━━ Exercise material ━━

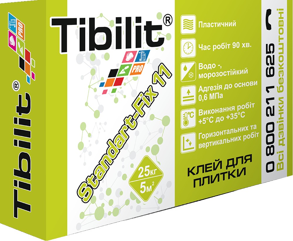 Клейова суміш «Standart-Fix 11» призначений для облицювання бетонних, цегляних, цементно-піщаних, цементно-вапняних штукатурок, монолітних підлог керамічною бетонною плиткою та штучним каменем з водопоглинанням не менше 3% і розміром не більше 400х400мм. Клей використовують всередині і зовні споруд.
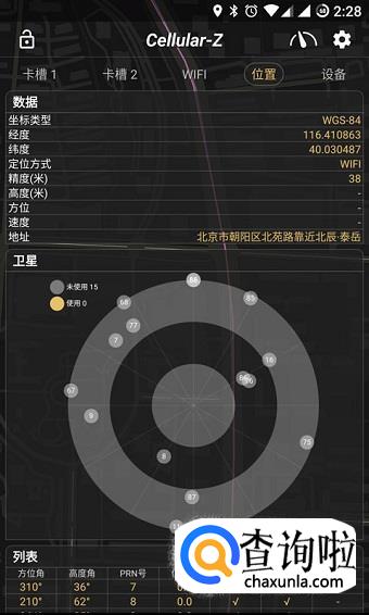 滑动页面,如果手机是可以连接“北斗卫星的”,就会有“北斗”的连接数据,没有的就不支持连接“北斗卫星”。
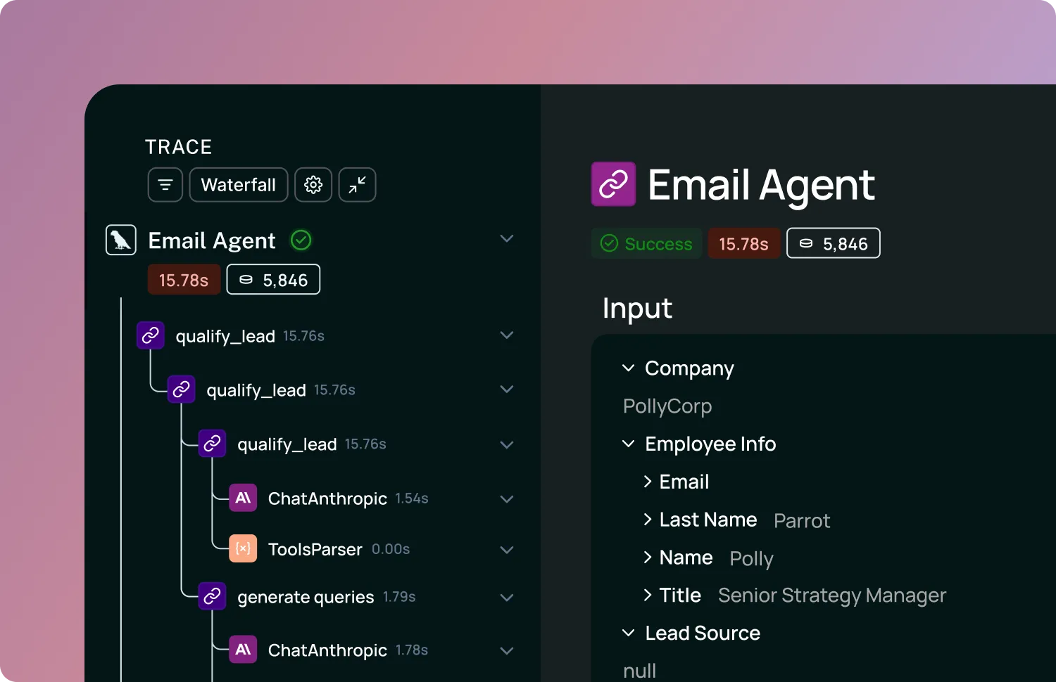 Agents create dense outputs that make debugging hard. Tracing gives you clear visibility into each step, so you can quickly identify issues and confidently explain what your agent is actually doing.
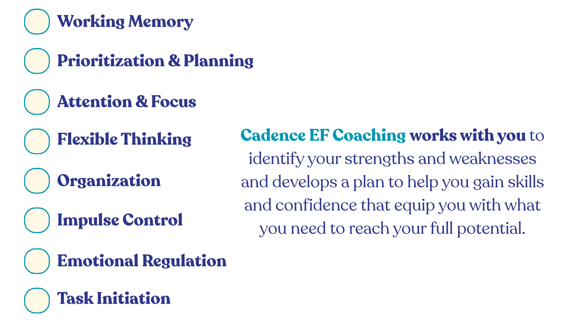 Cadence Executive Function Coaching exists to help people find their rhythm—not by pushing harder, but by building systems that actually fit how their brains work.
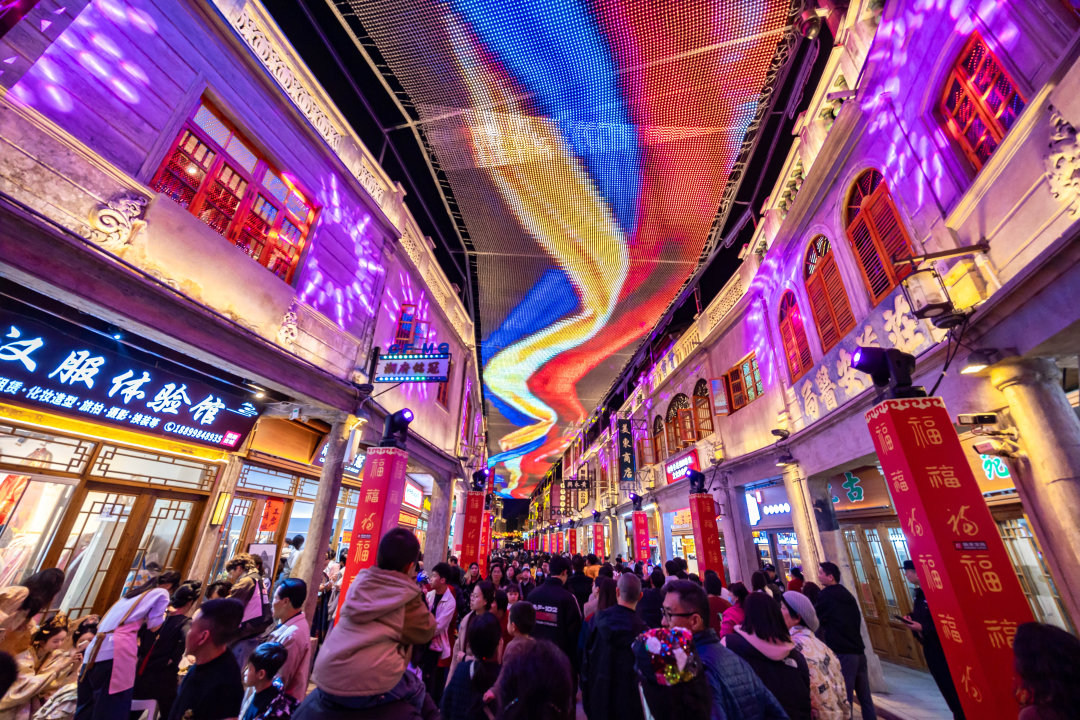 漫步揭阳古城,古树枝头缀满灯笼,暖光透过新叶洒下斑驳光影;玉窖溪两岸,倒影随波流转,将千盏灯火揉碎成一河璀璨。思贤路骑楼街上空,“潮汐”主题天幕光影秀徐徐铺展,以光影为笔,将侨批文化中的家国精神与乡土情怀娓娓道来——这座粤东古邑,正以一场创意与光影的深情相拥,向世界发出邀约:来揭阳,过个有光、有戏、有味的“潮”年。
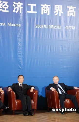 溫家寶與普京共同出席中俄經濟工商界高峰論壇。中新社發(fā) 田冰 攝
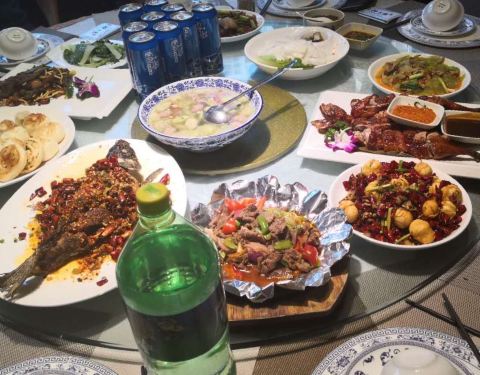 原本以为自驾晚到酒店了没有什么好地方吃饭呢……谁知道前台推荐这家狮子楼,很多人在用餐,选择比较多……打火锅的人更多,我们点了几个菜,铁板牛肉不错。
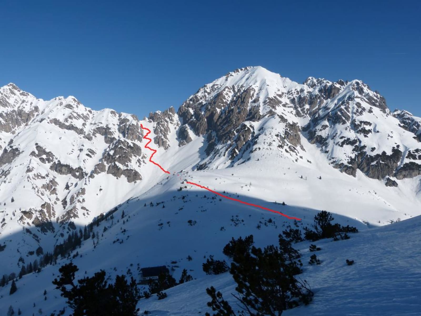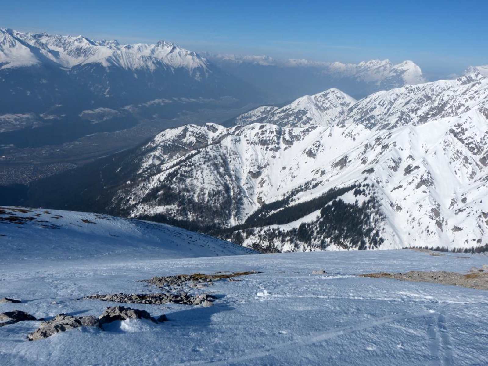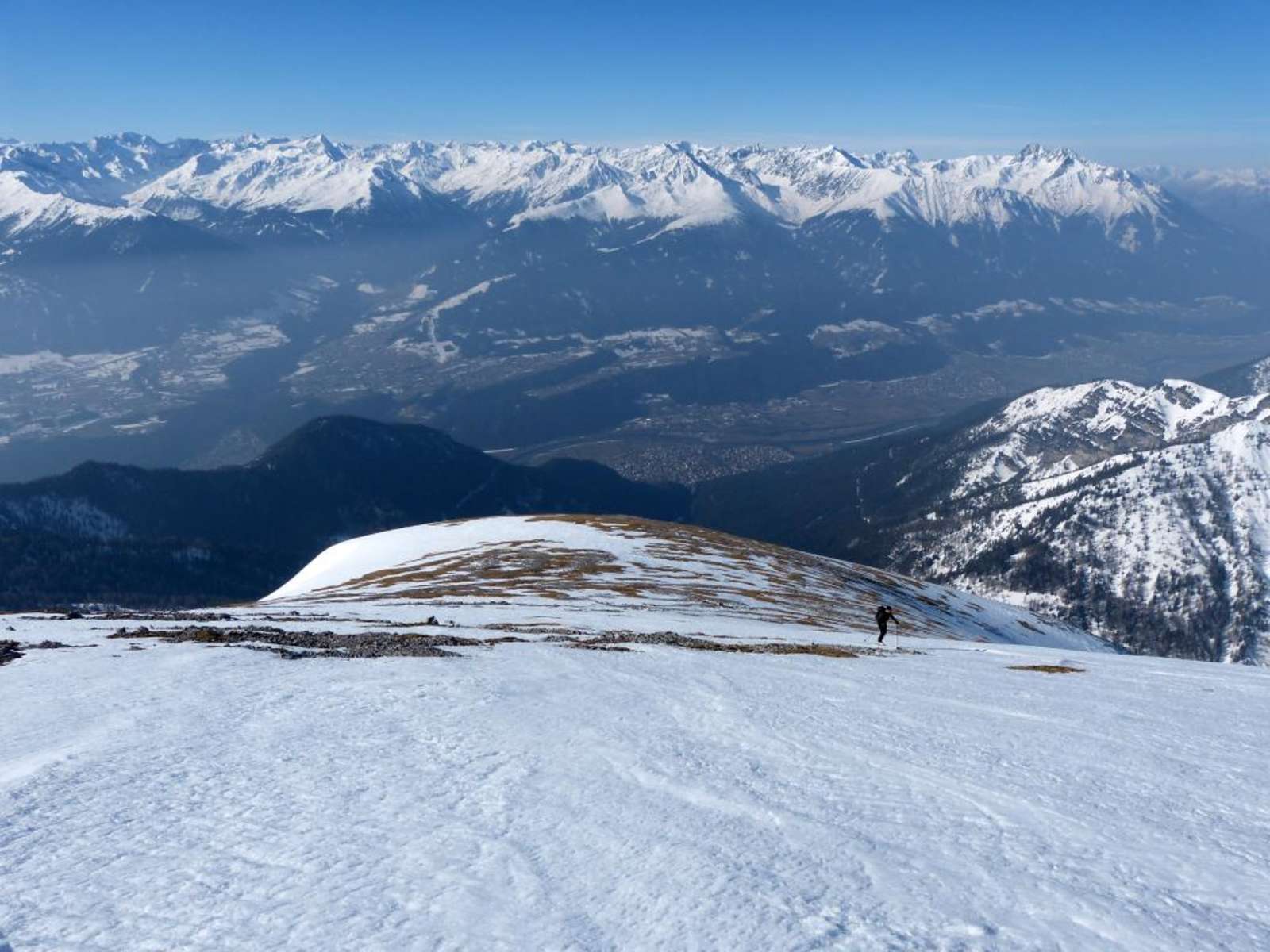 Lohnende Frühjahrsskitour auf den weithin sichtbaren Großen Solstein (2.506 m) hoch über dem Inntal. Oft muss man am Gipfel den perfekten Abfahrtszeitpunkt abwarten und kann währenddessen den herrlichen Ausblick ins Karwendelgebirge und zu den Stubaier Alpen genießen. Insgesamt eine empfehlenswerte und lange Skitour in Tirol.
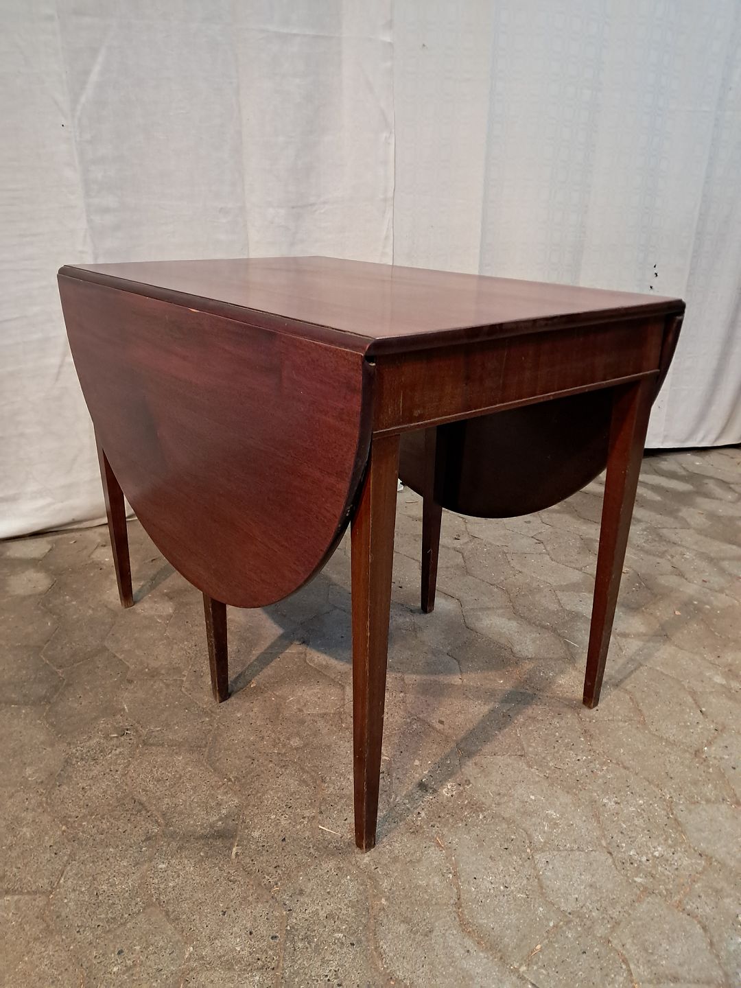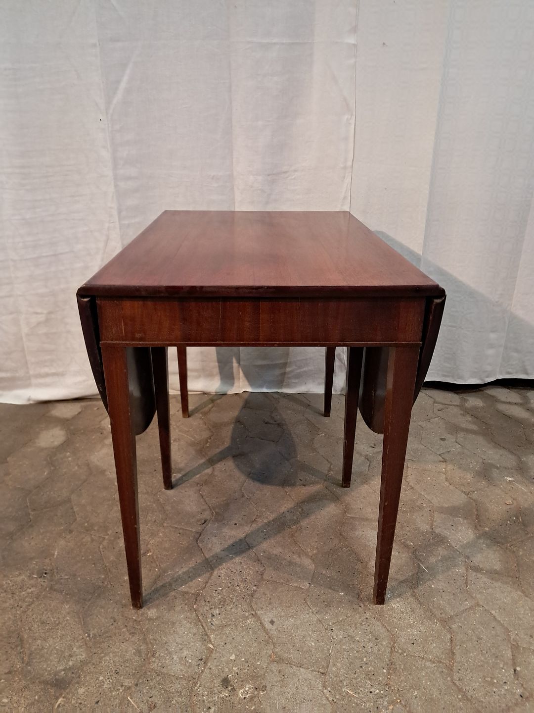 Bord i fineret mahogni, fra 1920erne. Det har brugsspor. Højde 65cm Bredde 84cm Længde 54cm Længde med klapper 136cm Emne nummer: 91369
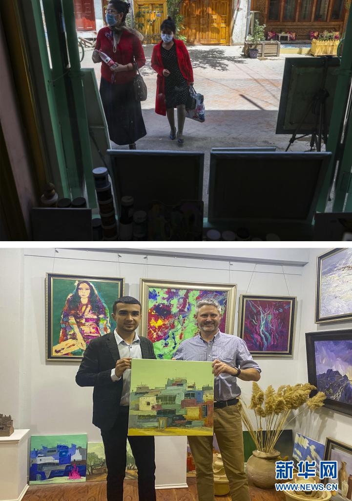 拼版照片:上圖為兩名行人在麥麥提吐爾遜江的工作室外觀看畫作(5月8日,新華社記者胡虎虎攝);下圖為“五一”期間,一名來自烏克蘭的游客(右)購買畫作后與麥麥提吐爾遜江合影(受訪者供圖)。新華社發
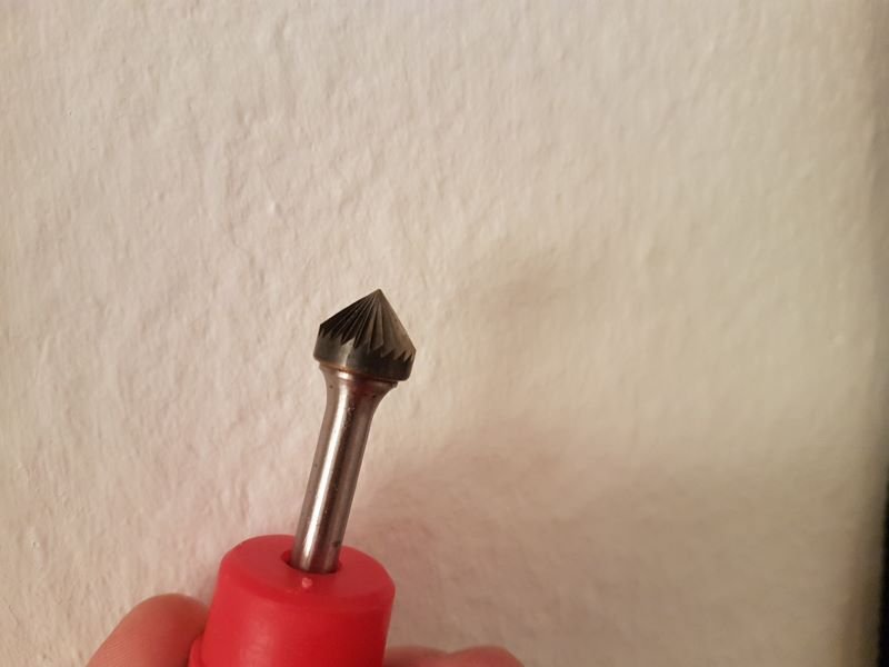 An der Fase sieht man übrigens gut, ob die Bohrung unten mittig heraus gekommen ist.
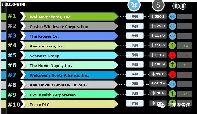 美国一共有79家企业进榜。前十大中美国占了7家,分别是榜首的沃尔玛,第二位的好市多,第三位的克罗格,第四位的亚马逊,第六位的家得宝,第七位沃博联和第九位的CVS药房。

━━━

* _What to produce_
Return the whole listing word for word. Pictures stay out of it.

* _Reply to the exercise_
 Клейова суміш «Standart-Fix 11» призначений для облицювання бетонних, цегляних, цементно-піщаних, цементно-вапняних штукатурок, монолітних підлог керамічною бетонною плиткою та штучним каменем з водопоглинанням не менше 3% і розміром не більше 400х400мм. Клей використовують всередині і зовні споруд.
 滑动页面,如果手机是可以连接“北斗卫星的”,就会有“北斗”的连接数据,没有的就不支持连接“北斗卫星”。
 Agents create dense outputs that make debugging hard. Tracing gives you clear visibility into each step, so you can quickly identify issues and confidently explain what your agent is actually doing.
 Cadence Executive Function Coaching exists to help people find their rhythm—not by pushing harder, but by building systems that actually fit how their brains work.
 漫步揭阳古城,古树枝头缀满灯笼,暖光透过新叶洒下斑驳光影;玉窖溪两岸,倒影随波流转,将千盏灯火揉碎成一河璀璨。思贤路骑楼街上空,“潮汐”主题天幕光影秀徐徐铺展,以光影为笔,将侨批文化中的家国精神与乡土情怀娓娓道来——这座粤东古邑,正以一场创意与光影的深情相拥,向世界发出邀约:来揭阳,过个有光、有戏、有味的“潮”年。
 溫家寶與普京共同出席中俄經濟工商界高峰論壇。中新社發(fā) 田冰 攝
 原本以为自驾晚到酒店了没有什么好地方吃饭呢……谁知道前台推荐这家狮子楼,很多人在用餐,选择比较多……打火锅的人更多,我们点了几个菜,铁板牛肉不错。
 Lohnende Frühjahrsskitour auf den weithin sichtbaren Großen Solstein (2.506 m) hoch über dem Inntal. Oft muss man am Gipfel den perfekten Abfahrtszeitpunkt abwarten und kann währenddessen den herrlichen Ausblick ins Karwendelgebirge und zu den Stubaier Alpen genießen. Insgesamt eine empfehlenswerte und lange Skitour in Tirol.
 Bord i fineret mahogni, fra 1920erne. Det har brugsspor. Højde 65cm Bredde 84cm Længde 54cm Længde med klapper 136cm Emne nummer: 91369
 拼版照片:上圖為兩名行人在麥麥提吐爾遜江的工作室外觀看畫作(5月8日,新華社記者胡虎虎攝);下圖為“五一”期間,一名來自烏克蘭的游客(右)購買畫作后與麥麥提吐爾遜江合影(受訪者供圖)。新華社發
 An der Fase sieht man übrigens gut, ob die Bohrung unten mittig heraus gekommen ist.
 美国一共有79家企业进榜。前十大中美国占了7家,分别是榜首的沃尔玛,第二位的好市多,第三位的克罗格,第四位的亚马逊,第六位的家得宝,第七位沃博联和第九位的CVS药房。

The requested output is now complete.